Morrison glowered. “An honest idiot is still an idiot.”
“Dad, we had no way of anticipating—”
“I sprayed surveillance dust onto the headliner. I know you were all watching the Tigers game instead of the prisoner. I have the whole god-awful mess on video. Grady had unregistered utility foglets collapsed on his person, and you didn’t spot them.”
“The scanner said he was clean.”
“Some clever son of a bitch manufactured unregistered nanotech. That’s why you have to do this thing we call ‘searching’ prisoners. With your eyes and hands.”
“We patted him down.”
“And how much cash did he take from your wallet?”
The guard looked suddenly sheepish. “Uh, I don’t…”
“Yes, I saw that, too. How much?”
“Probably four or five hundred in dollars, sir.”
“All of it.”
“Maybe half that in other currencies.”
“You really make me ashamed of my genomic sequence.”
“Dad—”
“Don’t try that ‘Dad’ crap on me.” Morrison looked to Hedrick. “And someone tipped off Grady not to take the guards’ equipment. We have no direct method to track him.”
“Enough.

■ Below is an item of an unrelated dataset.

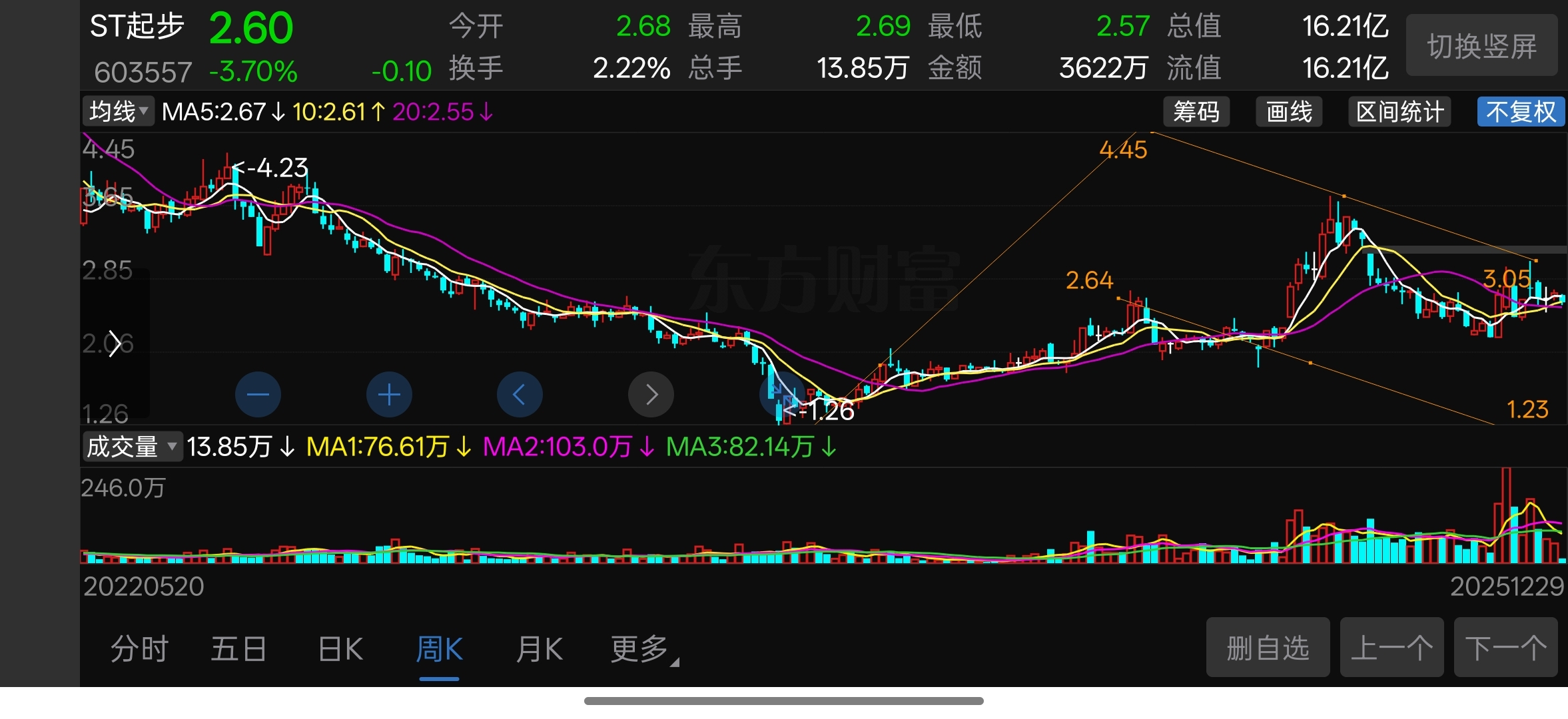 $ST起步(SH603557)$ 如果不能有效突破,那就寻找安全价1.2

Get him out of my sight.” Hedrick dismissed the guard with a wave of his hand.
The young man nodded grimly and left; the doors opened and then immediately closed behind him.
Hedrick sighed. “Varuna, reassign Beta-Upsilon and his team to the Hibernity garrison for a year.”
“Yes, Mr. Director.”
Morrison came up alongside Hedrick’s chair to gaze out the window at the faux Hong Kong below.
“Who is the warden at Hibernity, Mr. Morrison?”
“Theta-Theta.”
“We need new leadership there, apparently. And a top-to-bottom review of their operation.”
“How could they get their hands on a utility fog? That’s advanced weaponry.”
“I don’t think they did.”
Morrison cast a confused look at Hedrick.
“Min Zhao is in Hibernity.”
“Okay…”
“He perfected foglets less than a decade ago.”
“You really think prisoners are creating their own technology? Prisoners?”
“I don’t know.”
“But…” Morrison pondered this gravely. “I don’t see how it’s possible.”
Hedrick felt a fear he could hardly contemplate. “Your number-one priority at the moment, Mr. Morrison, is to find Jon Grady. Escaped, Mr. Grady is an existential threat to this organization. I don’t think either of us relishes the idea of a gravity weapon like Kratos in the hands of our enemies.”
“When we locate him, I suggest we fry him from orbit.”
“No. I still need him alive. If he won’t work for us voluntarily, we have no choice but to use force. But it appears his consciousness is truly unique. So I want him captured. Is that clear?”
Morrison nodded. “I’ll need a higher tech level approved for the forward team.”